ASSIGNED TASK:
Nothing after the line with "飞利浦 石墨烯踢脚线取暖器家用电器AHR4146WKS" belongs in the copy; extract the lines below from the top through that line, pictures left out.

DATA SEGMENT:
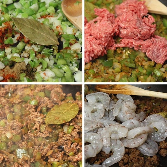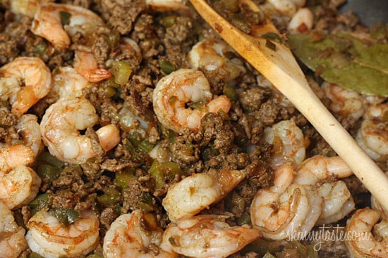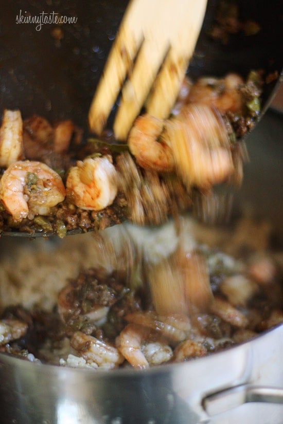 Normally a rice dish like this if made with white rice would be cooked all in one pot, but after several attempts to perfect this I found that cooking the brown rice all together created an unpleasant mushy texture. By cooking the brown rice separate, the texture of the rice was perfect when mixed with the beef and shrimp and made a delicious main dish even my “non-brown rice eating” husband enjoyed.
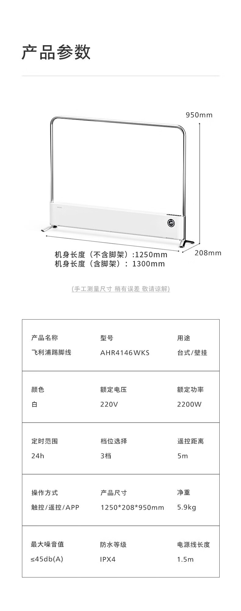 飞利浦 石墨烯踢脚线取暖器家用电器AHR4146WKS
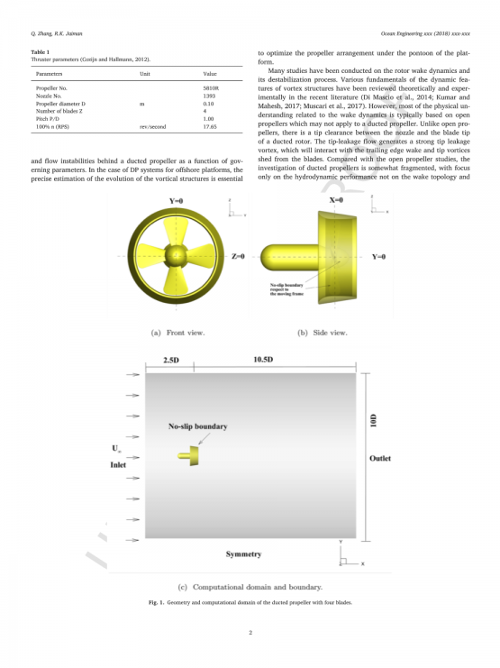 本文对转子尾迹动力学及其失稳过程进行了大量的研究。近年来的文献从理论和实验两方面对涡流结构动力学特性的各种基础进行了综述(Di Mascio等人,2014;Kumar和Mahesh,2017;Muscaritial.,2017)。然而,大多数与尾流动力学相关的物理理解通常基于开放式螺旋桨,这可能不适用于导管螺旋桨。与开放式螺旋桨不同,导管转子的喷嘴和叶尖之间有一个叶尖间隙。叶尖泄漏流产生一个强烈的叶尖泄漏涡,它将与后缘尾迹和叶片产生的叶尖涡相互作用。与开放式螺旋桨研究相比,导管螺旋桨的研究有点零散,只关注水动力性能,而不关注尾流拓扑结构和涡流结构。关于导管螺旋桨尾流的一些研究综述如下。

RESULT OF THIS EXERCISE:
 Normally a rice dish like this if made with white rice would be cooked all in one pot, but after several attempts to perfect this I found that cooking the brown rice all together created an unpleasant mushy texture. By cooking the brown rice separate, the texture of the rice was perfect when mixed with the beef and shrimp and made a delicious main dish even my “non-brown rice eating” husband enjoyed.
 飞利浦 石墨烯踢脚线取暖器家用电器AHR4146WKS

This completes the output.